Tuesday, 17 February 2015

Vegetable of the Week - Carrots

This week's vegetable is carrots! As a kid, your parents probably told you to eat your carrots because they are good for your eyes, well its true! Carrots are a root vegetable that are usually orange in colour, however, purple, red, white, and yellow varieties exist. 
Although carrots can be found year-round, locally grown carrots that are in season are the freshest and most flavorful. 

Carrots are rich in antioxidants, vitamins, and fibre. They are an exceptional source of carotenes and vitamin A, which protect from skin, lung, and oral cancers. Beta carotene is one of the powerful antioxidants in carrots that promotes eye health, reproduction, and growth and development. Some compounds found in carrots may help fight against cancers by destroying pre-cancerous cells in the tumor.



Carrots also have cardiovascular benefits, improve vision health, among other benefits.

Carrots are one of the most commonly consumed vegetable in North America, and are so easy to incorporate into your daily diet.

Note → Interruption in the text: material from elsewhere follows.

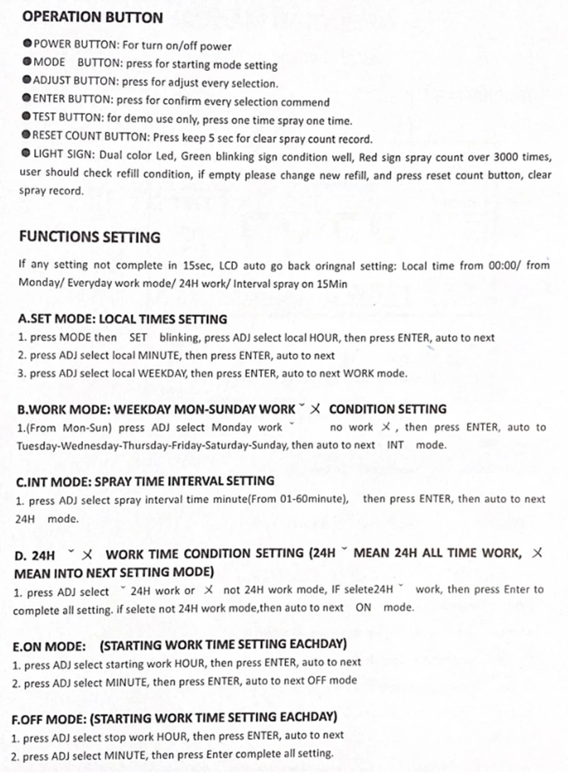 Размер: 83*86*240 мм Материал: АБС-пластик Цвет: белый ЖК-дисплей цифровой ароматизированный машин Размер контура: 83*86*240 мм Функциональные характеристики: 1. Особенности: регулируемый ароматный Изолированный 1-60 видов, который может быть установлен в течение недели день, в который дни не спрей, спрей или каждый день 2. Может автоматически напоминать о низком заряде батареи 3. ЖК-экран может быть установлен, чтобы выключить часы, нормальная работа питания 4. Применение 3 батарейки типа АА щелочные батареи в общей сложности 3,0 вольт может использоваться Применение d, чтобы добавить больше, чем восемь банок, 3000 консервных банок каждого аромат можно распылить про 5. Быстрый снос головки 6. Будет выбран как рабочий день или нерабочий день, соответственно, с понедельника по воскресенье. 7. Может свободно устанавливать машину каждый день, открывать и закрывать рабочие часы 8. Регулируемая Интервальная настройка времени распыления 9. Может автоматически записывать и отображать количество раз, записанных и отображаемых на экране Упаковка включает в себя: 1 X ЖК-дисплей машина 1 х Пустая бутылка 1 X Инструкция на английском языке Примечание: светильник и различные дисплеи могут привести к тому, что цвет товара на картинке немного отличается от реального. Допускается погрешность в измерениях +/- 1-3 см.

Although steaming carrots is the healthiest method for cooking, roasting them brings out the sweet and earthy nature of carrots. Here is a quick and easy way to roast your carrots and use as a side for a meal.





Balsamic Roasted Carrots 


Ingredients:

  • 1.5 - 2 pounds baby carrots, tops removed (peel if desired)
  • 2 tbsp olive oil
  • 2 tbsp balsamic vinegar
  • Pinch of coarse sea salt
  • Pepper 
  • Dried or fresh parsley 

Directions:

  1. Preheat oven to 400 degrees F.
  2. Line a cookie sheet with parchment paper or spray with non-stick cooking spray
  3. Rinse carrots and pat dry
  4. Place carrots in a large bowl 
  5. In a smaller bowl, add the vinegar and slowly add the olive oil while whisking
  6. Add the oil and vinegar mixture to the carrots and toss until well coated
  7. Place in the oven and roast them for 30-40 minutes, flipping halfway through
  8. After they are done roasting, remove from the oven and sprinkle with sea salt, pepper, and parsley
  9. Enjoy!







References:

http://www.nutrition-and-you.com/carrots.html 
http://www.whfoods.com/genpage.php?tname=foodspice&dbid=21
http://www.cravingsofalunatic.com/2014/03/balsamic-roasted-baby-carrots.html

Tuesday, 3 February 2015

Vegetable of the Week - Kale

This week's vegetable is Kale! I know, I know. We can almost hear the groans coming from our computer. But don't fret, we are here to change your opinion on the amazing superfood that kale is! 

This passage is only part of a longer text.